▶ **Try it**
Within the entries underneath, how many lines include the string "الأحمد"? State only the number.

Data for processing Start Marker

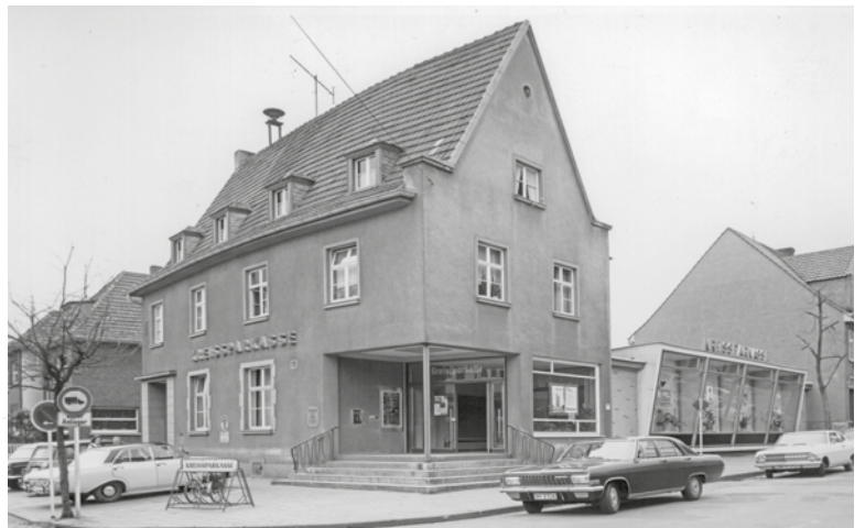
KSK Bedburg Außenansicht 1967.

Ende der 1980er Jahre ließ die Sparkasse das Bedburger Geschäftsgebäude umfassend modernisieren. Die Umbauten erfolgten in acht Teilabschnitten, um den weiterlaufenden Geschäftsverkehr möglichst wenig zu stören, und erstreckten sich über eine Gesamtbauzeit von
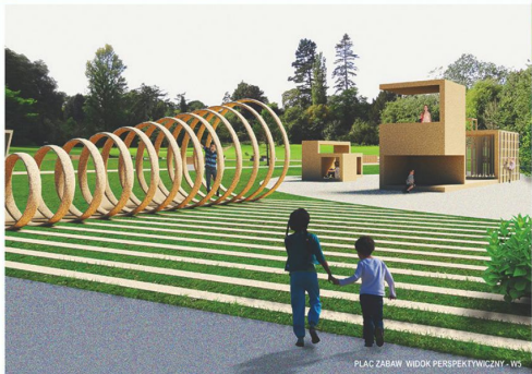
PLAC ZABAW - WIDOK PERSPEKTYWICZNY W5
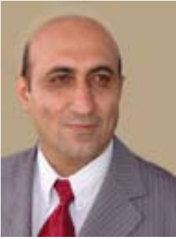
نازا ھەسیب قەرداغی

حەقیقەتتە ئیكی دەستووری لە عێراقدا بە كۆلە گەمی سیاسی و یاسایی و ئابووری و دامەزراوە سەرۆهییەکانی پایەدارە و، نەتەوە یەكگرتوووەکان و ئەمەریكا و ئەوروپا و ولاتانی جیهان دانیان پێداناوە و مامەڵەیی جۆراوجۆری لەتەكدا دەكەن.
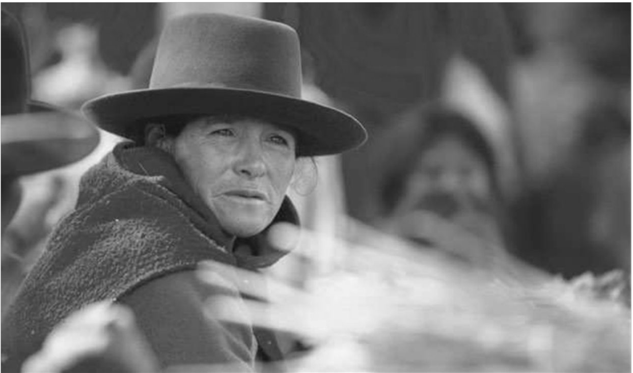
Población Andina. Según Mariátegui, la cuestión indígena tenía sus raíces en el régimen de propiedad de la tierra.

La sensibilidad de Mariátegui le hizo ver un Perú desarticulado que buscaba, y aún lo hace, encontrarse con pueblos, aldeas, comunidades, villorrios, en un mismo destino para afianzarse en una historia común, cotidiana, real y posible.
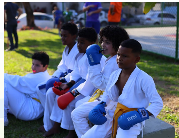
Inauguração de praça com atividades de projetos desportivos em Bangú
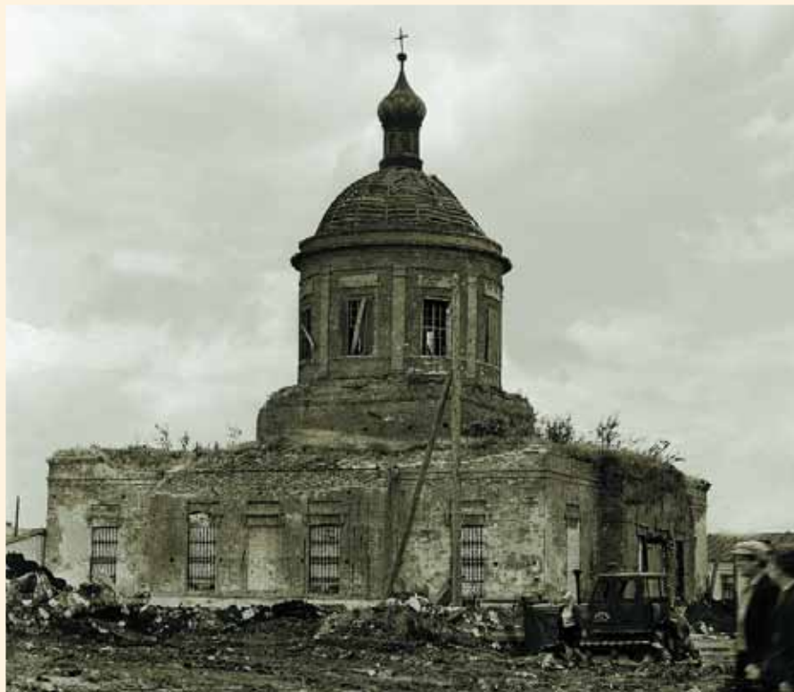
Успенская церковь перед разрушением. Фото начала 1970-х гг.

ла снесена колокольня Успенской церкви. Такая же судьба ждала со временем и сам храм.
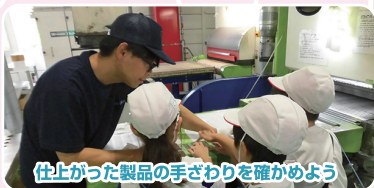
仕上がった製品の手ざわりを確かめよう
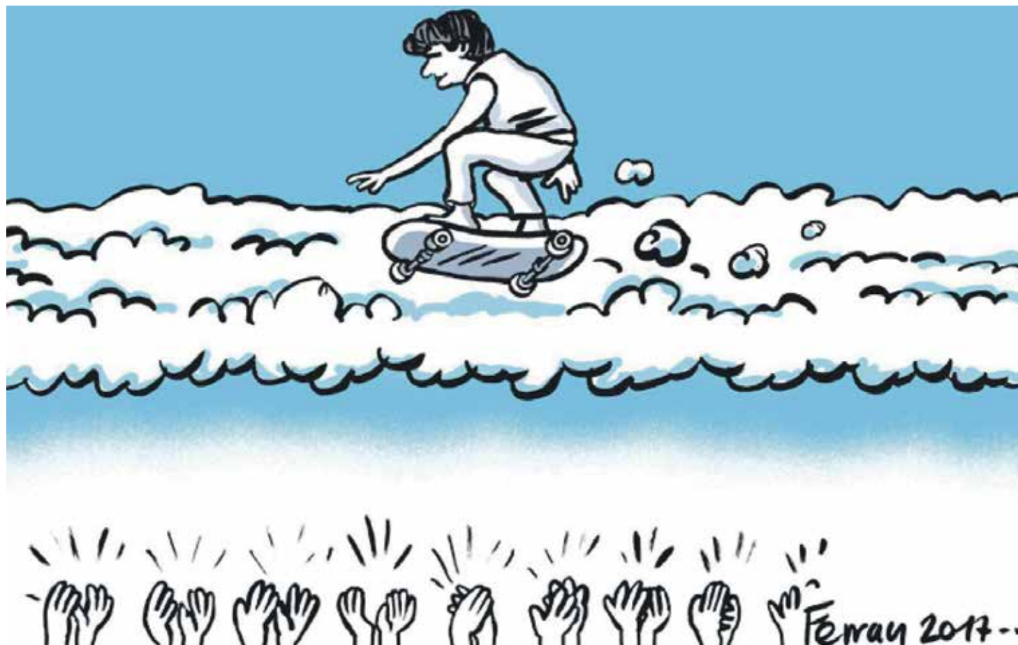
Viñeta de Ferran Martín sobre Ignacio Echeverría, el héroe del monopatín asesinado en Londres el pasado mes de junio.

3) Hay también una tercera vía, menos conocida y menos común, que conduce al mismo resultado
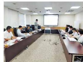
▲四万十市での視察の様子
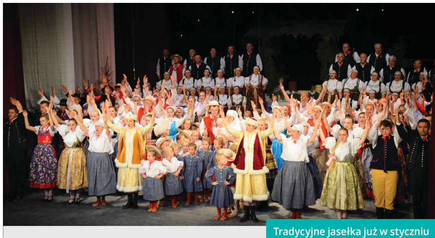
Tradycyjne jasełka już w styczniu
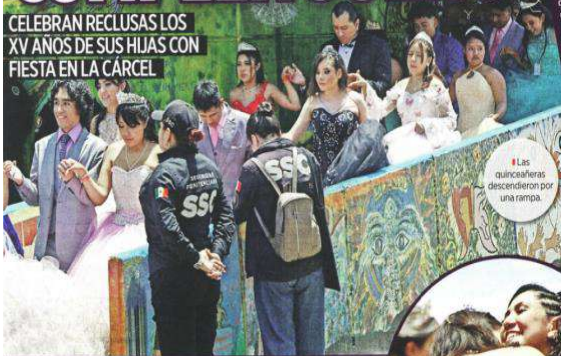
Las quinceañeras descendieron por una rampa.

CELEBRAN RECLUSAS LOS XV AÑOS DE SUS HIJAS CON FIESTA EN LA CÁRCEL
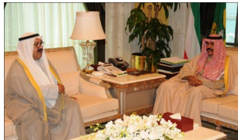
سمو ولي العهد الشيخ نواف الأحمد خلال لقائه الشيخ ناصر صباح الأحمد

الجمهورية الكويتي نحو دور العلاقات العامة في الحكومة الإلكترونية»، وقد شكره سموه، متمنياً له التوفيق والنجاح. واستقبل سموه بقصر السيف ظهر أمس كلا من كاظم حاجي يعقوب معرفي وعبدالله محمد رفيع معرفي ومحمد تقي معرفي وعبدالمطلب عبدالمناف معرفي، حيث أهدوا سموه هدية تذكارية بمناسبة احتفال المدرسة الوطنية باليوبيل الماسي ومرور 75 عاماً على إنشائها كأول مدرسة أهلية في الكويت. واستقبل سمو ولي العهد الشيخ نواف الأحمد في ديوانه بقصر السيف أمس سفير الجمهورية اللبنانية لدى الكويت د.جسام النعماني وذلك بمناسبة انتهاء فترة عمله سفير البلاد. واستقبل سموه سفير جمهورية
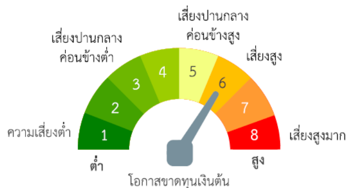
แผนภาพแสดงตำแหน่งความเสี่ยงของกองทุนรวม

ลักษณะความเสี่ยง และแนวทางการบริหารความเสี่ยงของกองทุน โดยเรียงลำดับตามโอกาสที่อาจเกิดขึ้นและนัยสำคัญของผลกระทบ จากมากไปหาน้อย ซึ่งสามารถสรุปได้ดังต่อไปนี้
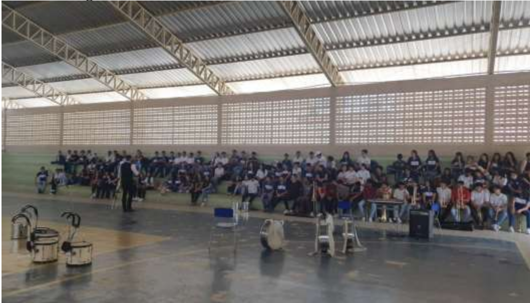
Figura 2- Curso de extensão Trombone, Tuba e Bombardino
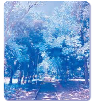
緑豊かな行田公園のコース
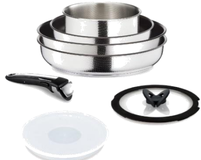
【Amazon.co.jp 限定】ティファール フライパン 鍋 7 点 セット IH 対応

Data for processing End Marker

▶ **Answer section**
2